I am told that this last one is almost like a rite of passage; if you move to a retirement home to become one of its few available males, your popularity depends on your ability to drive at night. I will report to you further on this when and if the occasion arises.

The world sees me differently as well. What used to be bad taste (sloppy clothing, for example) is now acceptable. People are much more helpful; they see my four-legged cane and pause to open doors. If I should sit in my car for a few minutes trying to figure out the intricacies of cruise control, someone will rap on the window and ask if I am all right. At the supermarket I have been presented with my own key for the electric carts that are not equipped, thank heavens, with the latest gadgets dreamed up in Detroit. Besides, I no longer walk: I shuffle.

There is yet another problem. There are rows of keys on my computer’s keyboard whose meaning I fail to comprehend and icons on its screen whose purpose passeth all understanding. The makers of these gadgets assume that their customers are all graduates of MIT. In 688 pages of “Mac OSX for Dummies” there is not a single definition of the oft-used phrase “default position.” My wife and children, all highly computer literate, have given up trying to explain these matters to me; they use PCs and regard Macs as childish toys suitable only for the technologically challenged.

Despite this litany of whiney self-indulgence there are some advantages to being long in the tooth.

Even though the Iraqi quicksand is gradually swallowing us up, I am not likely to be drafted again for military service. Nor am I personally threatened by global warming, awakened in the morning by an alarm clock, paying for anyone’s college tuition or worrying about the state of my (nonexistent) portfolio.
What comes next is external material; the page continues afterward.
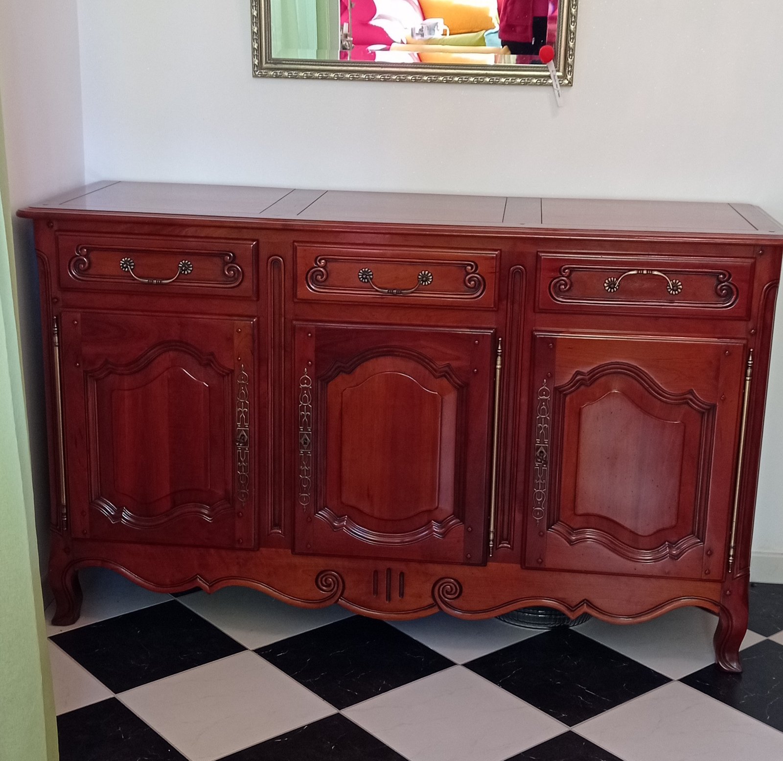 VENDS BUFFET EN MERISIER MASSIF . STYLE CHEVERNY . TRES BON ETAT . HAUTEUR 100 LONGUEUR 165 PROFONDEUR 55. 3 PORTES - 3 TIROIRS

Three sessions a week of cardiac rehab do much, I am told, for one’s physical well-being and has led to a discovery that will please the Bush administration.

They were expecting to find weapons of mass destruction in Iraq? Well, I found them right here in my home city of Providence, R.I., at Miriam Hospital’s cardiac center.

And my brain, upon which I used to depend for solving The New York Times Sunday crossword puzzle, now is exercised by following the antics of Brad, Angelina, Britney, Paris, Nicole and their exes.

I used to imagine that life in the Golden Years would feature an endless series of visits from adoring grandchildren, all yearning to sit at the feet of the Fount of Wisdom so as to benefit from his experiences and profound utterances on issues of great moment. I have since discovered that grandchildren tend to live thousands of miles away and have interests of their own that rarely include the accomplishments of the Yankee teams of the 1930s or the pleasures of riding on the Sixth Avenue El all the way to the Battery. Instead, they chatter on about Game Boys, text messaging and other modern time-wasters, which will, in due course, turn them into members of the genus illiterati.

I know that it will all come to an end in a month or a year or perhaps another decade, but I don’t know how or when. Nor am I particularly anxious to find out. If there is one thing about which we elderly codgers are aware, it is that in becoming elderly we are riding a wave of good fortune.

After all, consider the alternative.